“His life will never be the one that he dreamed about and worked so hard to achieve. That is a steep price to pay for 20 minutes of action out of his 20 plus years of his life,” laments the father of a son caught, literally, with his pants down, sexually assaulting an unconscious woman that stopped short of full-fledged rape only because he was apprehended by sheer chance. “Action,” mind you, not violence, not assault, sexual or otherwise, not even ungentlemanly conduct, just “events” that had turned his son Brock Turner’s life topsy-turvy, even though he’d got away with a sentence of only six measly months, with nary a word for his hapless victim. If you want to know how it shattered the life of the woman who attended a party at the Stanford University campus in January 2015 and unwittingly became the object of Brock Turner’s lust, how she is still trying to piece it together, just read even a few paragraphs of the 7,244-word gut-wrenching statement she had submitted to the court and then put up on the social news site BuzzFeed since the sentencing last week, from where it has since gone viral. If this is how blind parental love has played out in the United States in the Stanford student Brock Turner’s case over the last one year, then how does one explain a Mumbai socialite blithely describing journalist Tarun Tejpal’s transgressions on a junior colleague as merely a “grave error”? Something “that pricked the bubble of his public image and gave his detractors ammunition to demolish him,” and not a single word spared for the young woman who was not only molested by him (by his own admission, if not in those words), but did not even get the simple apology that is all that she had asked for? [caption id=“attachment_2820274” align=“alignleft” width=“380”] Brock Turner who was guilty in the Stanford rape case. AP[/caption] A couple of months ago,
UK’s The Guardian newspaper had carried an article which in trying to give RK Pachauri’s side of the story in the many cases of sexual harassment against the former TERI boss, had quoted a blog by another journalist as saying, “Obviously she was leaned on. This is straight out of All the President’s Men. It’s about ‘rat-fucking’. Black politics to undermine Pachauri’s reputation. I can see people using her. But there has to be someone at the head of it.” Anything, but take the woman’s word for it, women in this case. True, we didn’t need these reminders. We know all too well that whichever part of the world you are in, however affluent or educated you may be, rape or sexual assault (in the eyes of the Indian law they are one and the same) is, to too many people, a minor misdemeanour at worst, something for which the “vociferous dragging through the coals.” Tejpal was subjected to what was way beyond the pale, as voiced by the Mumbai socialite
Malavika Sangghvi earlier this week.
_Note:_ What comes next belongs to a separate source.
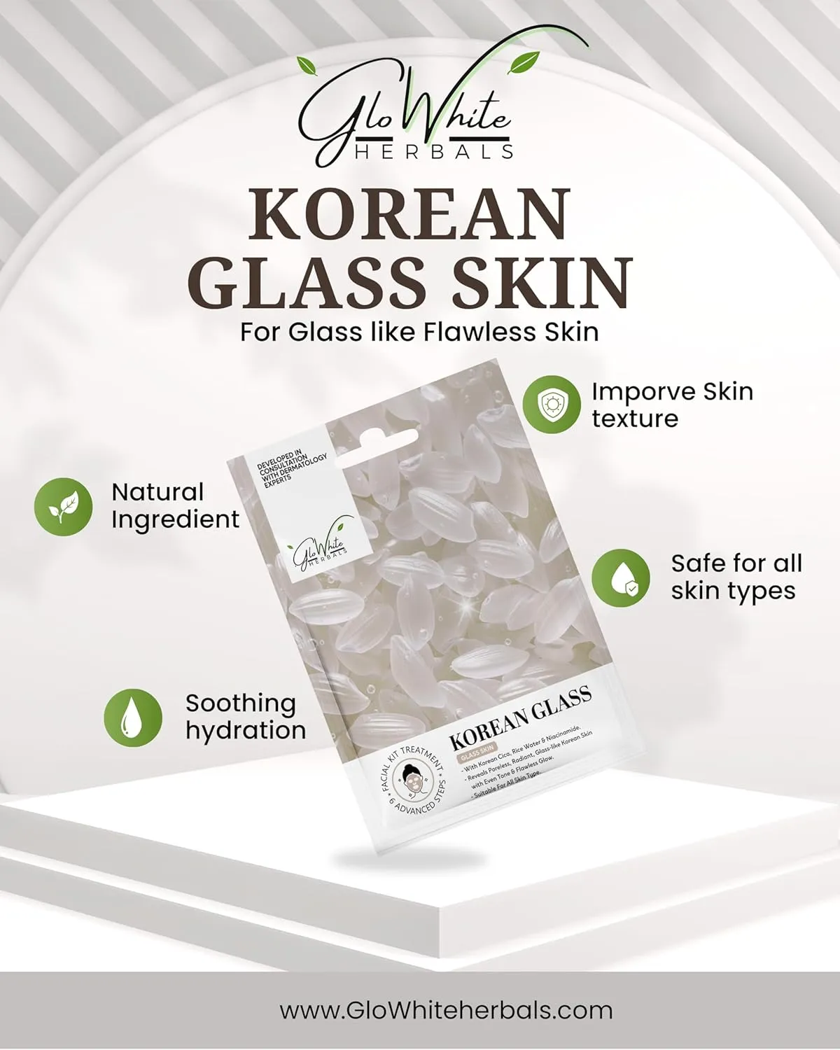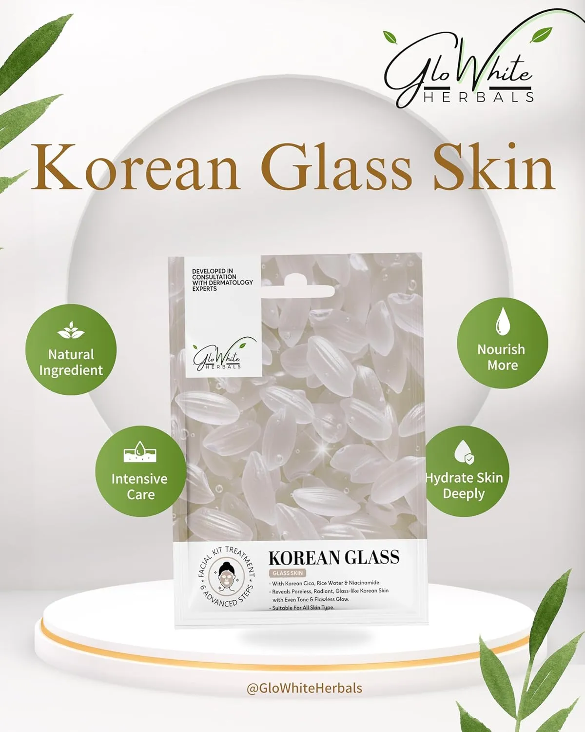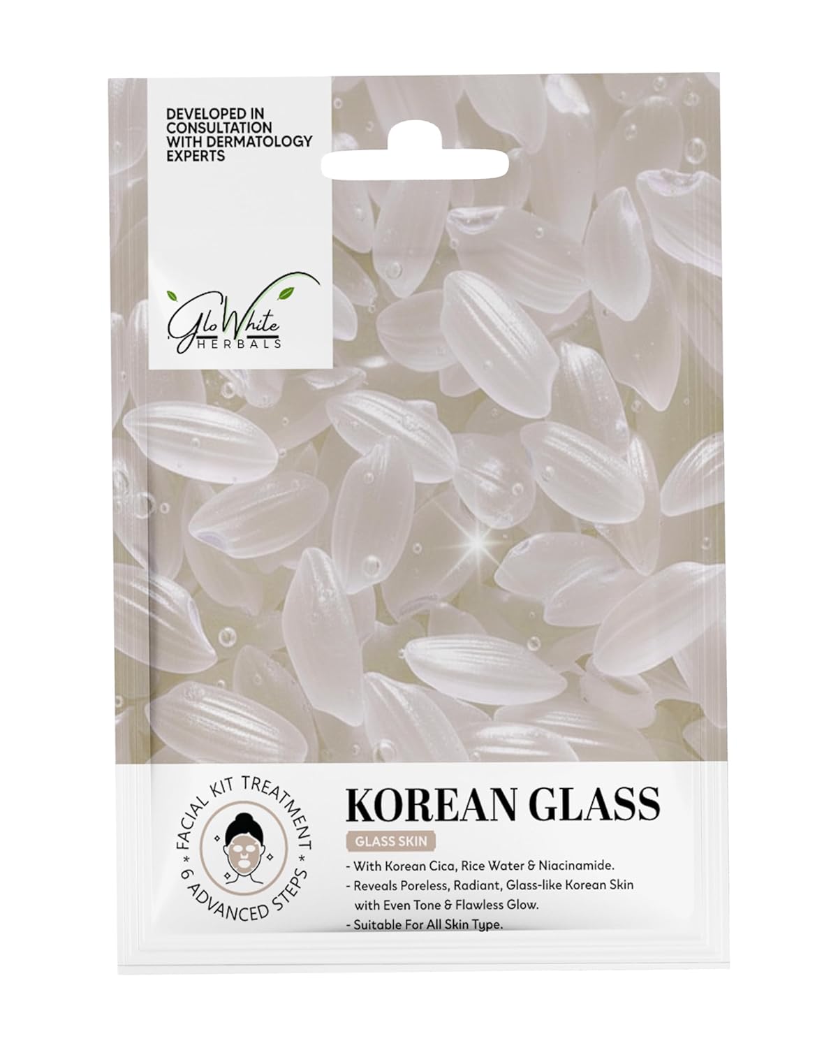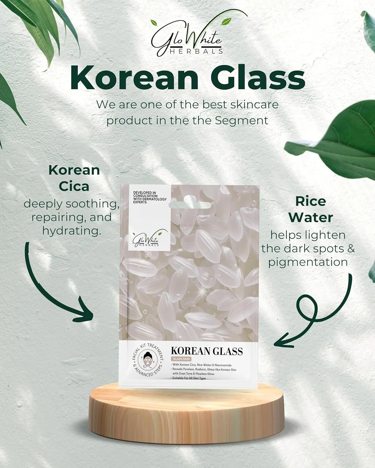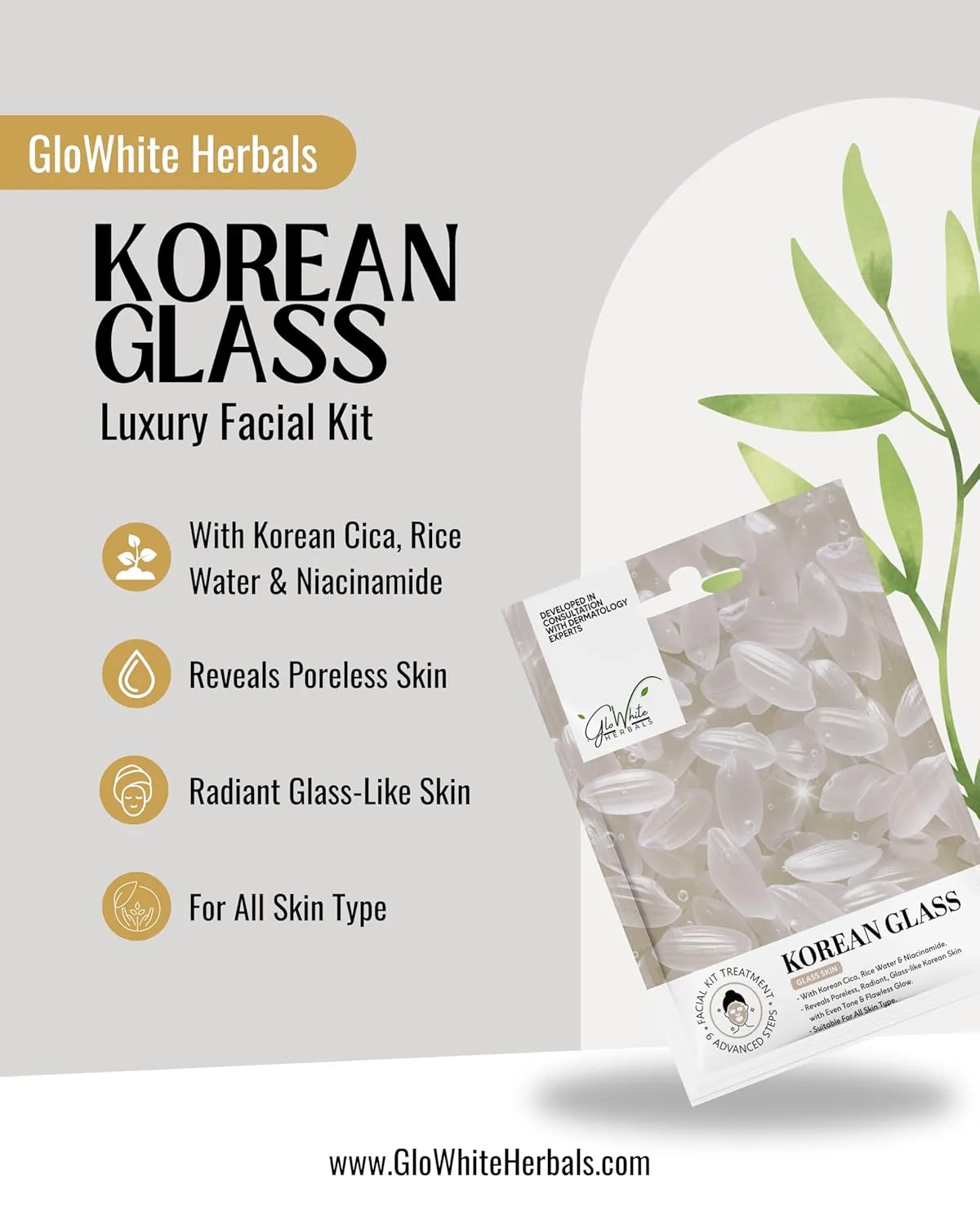 - ✨ Achieve Korean Glass Skin Glow Experience radiant, poreless looking skin with the Glowhite Herbals Korean Glass Skin Facial Kit. Infused with Korean Cica, Rice Water and Niacinamide, this advanced facial helps improve skin texture and reveal naturally luminous glass-like skin.

The tragedy is not just that such things happen and people try to find ways and means to wriggle out of such tight corners any which they can (there is no decent way out unless you take responsibility for your actions, repent what you did and face the music with courage and dignity, without putting blame on the recipient of your unwanted attentions), but the brazenness of it all. More the number of women stepping up to demand justice, more strident has become the attempts to belittle their efforts. More the victims of rape or sexual assault forcing such issues out in the open, naming names and giving explicit details of the wrong done to them, more is the attempt to dismiss such atrocities as “untoward incidents” (vide Tarun Tejpal in his letter to his colleagues) or explain them away as the fell effects of the scourge of alcohol (as Brock Turner and his father have, to great success with the judge pronouncing a sentence of mere six months even though it could have been as many as 14 years) or more is the attempt to belittle the women and their morals. His father wasn’t the only one who felt Brock Turner’s “20 minutes of action” should not be taken out of proportion, the loss of his place in the university’s swimming team and the scholarship that came with it was punishment enough they felt. While “there are more and more takers” for rehabilitating Tarun Tejpal, insists Malavika Sangghvi, even before the courts have come to any conclusion. In a world where a Donald Trump can become the US Presidential hopeful by making mean, bitchy, distasteful comments against Muslims, Mexicans and other minorities, in a world where people’s representatives can proclaim a “Muslim-mukt Bharat” as a legitimate political goal, in a world where politicians can be seen seething with righteous indignation for a family going unpunished for possessing mutton that had mysteriously turned into beef, disrespect for women’s rights does seem par for the course. But this is also the time to make a stand and draw the line in the sand, to protest each and every small indignity, to fight back against every sexist joke, any snide remark about what women wear, when and where they go and what they eat or drink. With the world turning dangerously conservative, with political correctness being sneered at, letting any anti-woman go uncontested is the most regressive act you can do today.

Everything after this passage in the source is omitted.